Testing use cases to prove the value of a CDP
Working with the customer insights team helping find the best segments to test out at different levels of opportunity to provide the insights to understand what is possible. For each test need to identify and put into a plan:
- Map out all the tests that will take place including if multiple tests are required to validate
- The period required to run the test
- The reporting period to analyse the test
- The core KPI’s to monitor pre, during and after the test to understand the impact
For each use case it needs to be structured around:
- Outcome: What’s the desired outcome for the use case
- Stakeholders: Who will be most interested in the outcome of the use case
- KPI’s: What is the KPI to measure the outcome
Some of the potential tests use cases:
- Suppression of ads to customers who have purchased i.e., last 2 weeks
- Users who have added to basket but not bought at a certain value the last 3 days
- High value segment to improve retention rate
- Low value segment to improve purchase rate
The segments can be activated in multiple ways:
- Build segments in GA4 and activate in GMP
- Build segments in GA4 and activate in Facebook
- Export list of customers and import into i.e. Facebook, TikTok etc
At first run each of the tests separately to get a clean dataset for analysis, there may be an opportunity to run multiple tests at the same time once there is more confidence in the process and ability to split the segments and tests results for analysis.
How this helps:
- Testing of the use cases becomes a manual process; it’s likely to help understand the requirements and in turn it help grow the data maturity of the team
- Testing multiple use cases with different opportunities will provide insights on the business impact
- Understand the ROI impact for a CDP
- Understand what kind of CDP is required and the goals for the CDP
The goal is to get 3 solid use cases before proceeding to find the right CDP partner. In the plan there is an 18 month period for testing but till 3 solid use cases are not found the testing period will likely be extended.

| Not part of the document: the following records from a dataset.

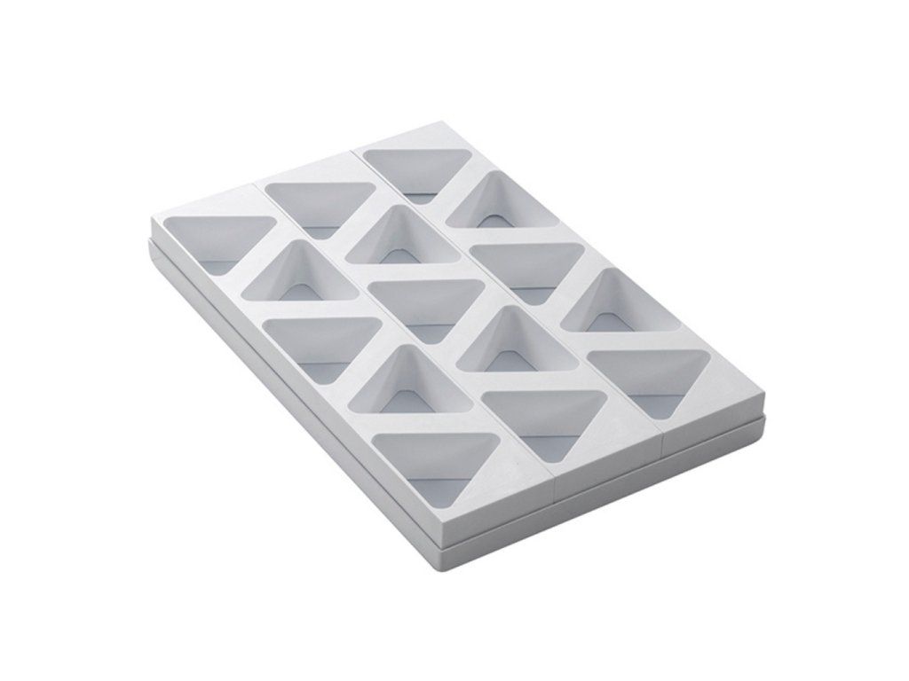 Tvar trojúhelník, rozměr formy 26 × 40 cm, kapacita 15 ks, objem jedné porce 148 ml, materiál plast, barva bílá.
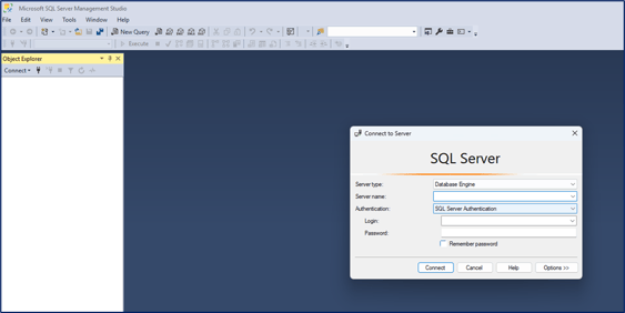 Open SQL Management Studio by pressing Windows + R, typing SSMS.exe, and pressing Enter, or by clicking the SQL Management Studio icon and login with your SQL credentials.
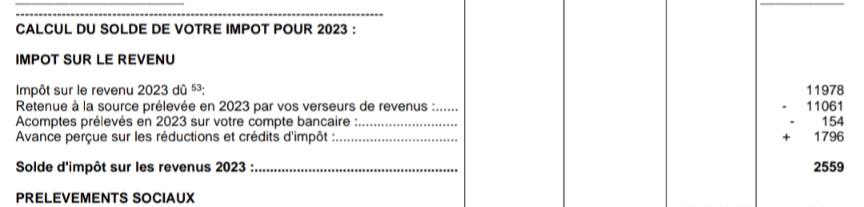 Les impôts ne savent pas exactement combien j'ai gagné en 2023, mais ça peut être plutôt bien estimé en ajustant dès le 01/01/2023 son prélèvement à la source et l'acompte mensuel. Ça ne change pas qu'au final, dans un cas idéal où t'as X€ d'impôt net (en étant à iso réduction d'impôt sur l'année précédente) et que ton PAS + acompte sur 2023 a été de X€, tu n'as théoriquement plus d'impôts à payer. Dans mon cas, nous avons payé 11000€ en PAS + acompte sur 12000€ d'impôt net. On est donc plutôt proche. Mais il y a les 1800€ d'avance reçue en janvier à rembourser qui viennent s'ajouter. |
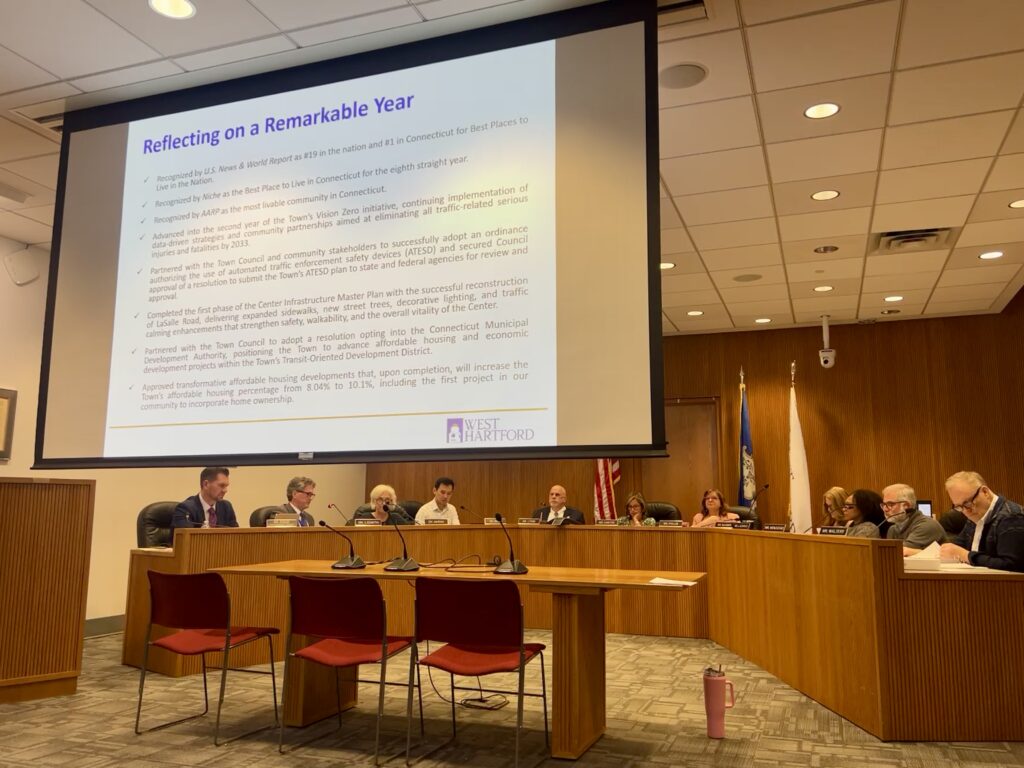 “Before concluding tonight’s presentation, I want to acknowledge something that I am sure is on everyone’s mind.,” Ledwith said. “While this proposed budget reflects financial planning and important investments in West Hartford’s future, we also recognize that any budget increase has a real impact on our taxpayers. We understand that any potential increase in the tax burden is significant for many residents and families, and businesses, and we approach that responsibility with great care and seriousness.”
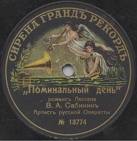 | 13774 | | | Vladimir A.Sabinin, acc. piano | 05-1913...12-1913 | Сирена Грандъ Рекордъ (type 1) | | |
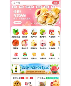 【品类齐全】 新鲜蔬菜、水果、肉禽蛋、米面粮油,水产海鲜、南北干货、方便速食。 应有尽有,厨房用品也能买到哦~
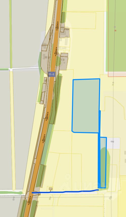 Трасса М-4, 1090 км., за разъездом "Дон" - Самарское шоссе, два участка, 7,1 Га земли с готовым выездом на трассу, перевод земли в промназначение может провести собственник,
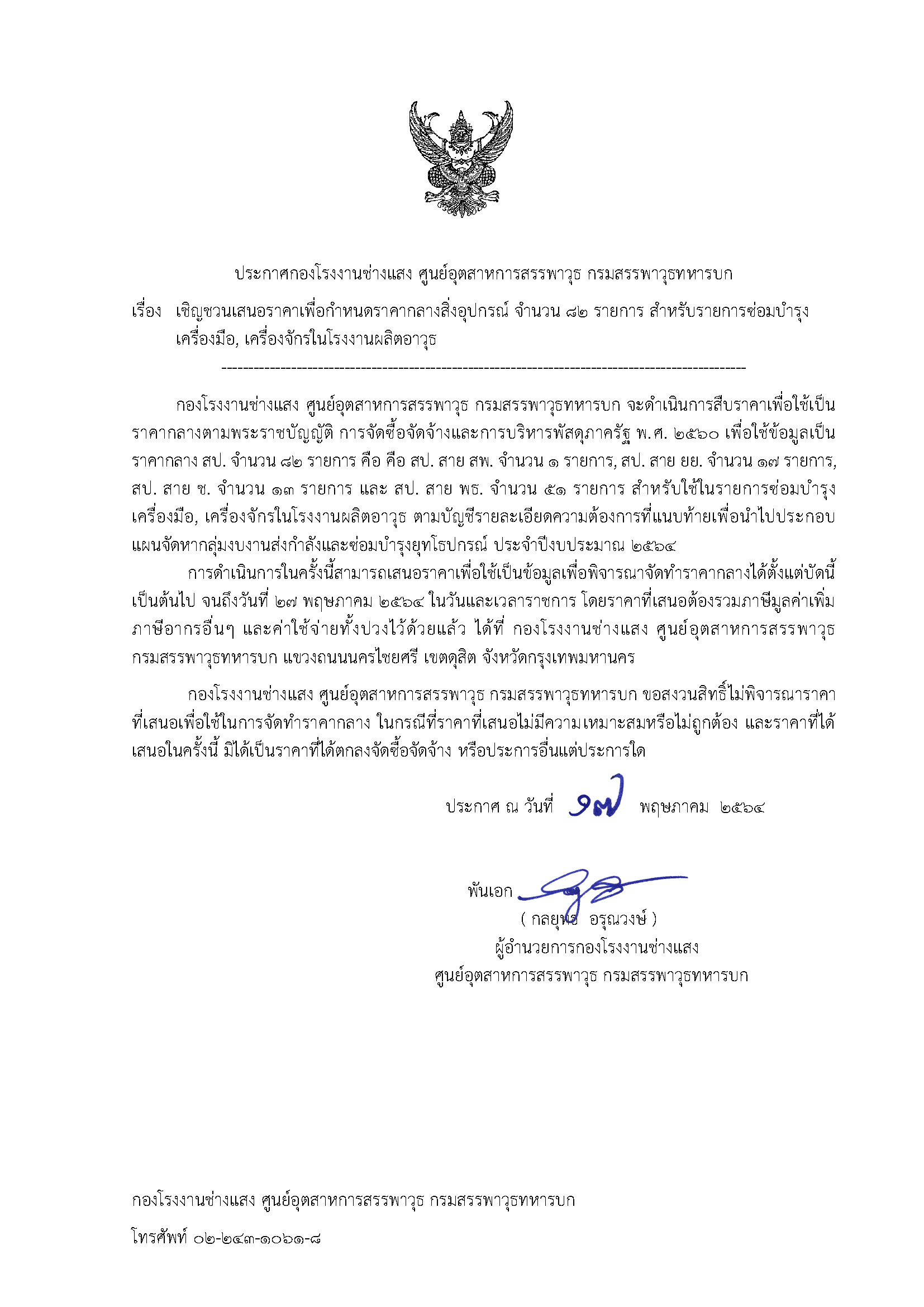 เรื่อง เรื่อง เชิญชวนเสนอราคาเพื่อกำหนดราคากลางสิ่งอุปกรณ์ จำนวน ๘๒ รายการ สำหรับรายการซ่อมบำรุงเครื่องมือ, เครื่องจักรในโรงงานผลิตอาวุธ

Finding the right CDP Partner
Finding the right CDP partner is very much dependent on delivering against the plan and having 3 solid use cases. It will also be very much dependent on the maturity of the business at the stage, the business and marketing needs will determine the right CDP partner. During the period there will be a lot of time and investment put into people, training and process which is a requirement in getting success out of the CDP.
Other considerations of the plan
Both very important, server side tag manager and identity resolution was not baked into the main plan as it was seen as more flexible but dependant on other implementations.
Server Side Tag Manager
With the current plan the goal should be to deploy server side tag manager around month 15 which is 1 year after the Shopify deployment, and any issues should be ironed out. In all likely this would be outsourced to an agency or vendor to set-up and manage for the short to medium term.
Identity Resolution
Is the identity resolution going to be managed by the CDP or the data warehouse? With the approach taken to the planning and implementation the data warehouse is likely the best solution. With Big Query the data warehouse the identity resolution is likely to be done with Neo4j. If it’s decided that the CDP can manage the identity resolution, then it would become one of the requirements when finding the right CDP to partner with. Assuming the plan is delivered in the timeframe the identity resolution should be looked at around month 18 post the deployment of the new CRM and by then the old CRM should be stored within Big Query.